Sesuai ketentuan, seluruh awardee dan alumni LPDP memiliki kewajiban untuk melaksanakan masa pengabdian dan berkontribusi di Indonesia selama dua kali masa studi ditambah satu tahun. Untuk Saudari DS yang menempuh studi selama dua tahun, kewajiban kontribusi tersebut adalah lima tahun.

LPDP menegaskan bahwa Saudari DS telah menyelesaikan studi S2 dan dinyatakan lulus pada 31 Agustus 2017, serta telah menuntaskan seluruh masa pengabdian sesuai ketentuan. “Dengan demikian, LPDP tidak lagi memiliki perikatan hukum dengan yang bersangkutan,” jelas LPDP.

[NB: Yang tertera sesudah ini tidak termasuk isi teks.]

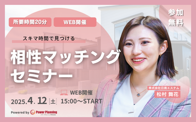 4月12日(土) 15時より、スキマ時間を活用して自分に合った不動産投資の担当者を探すことができる、松村 舞花講師との「相性マッチングセミナー(無料)」を開催いたします。

Meskipun demikian, LPDP akan tetap berkomunikasi dengan DS. Tujuannya adalah mengimbau agar DS lebih bijak dalam menggunakan media sosial, memperhatikan sensitivitas publik, serta memahamkan kembali kewajiban kebangsaan penerima beasiswa LPDP untuk mengabdi kepada negeri.

Informasi mengenai polemik ini disampaikan melalui pernyataan resmi LPDP dan analisis dari Direktur Eksekutif Cerdas, Indra Charismiadji, pada Minggu, 22 Februari 2026.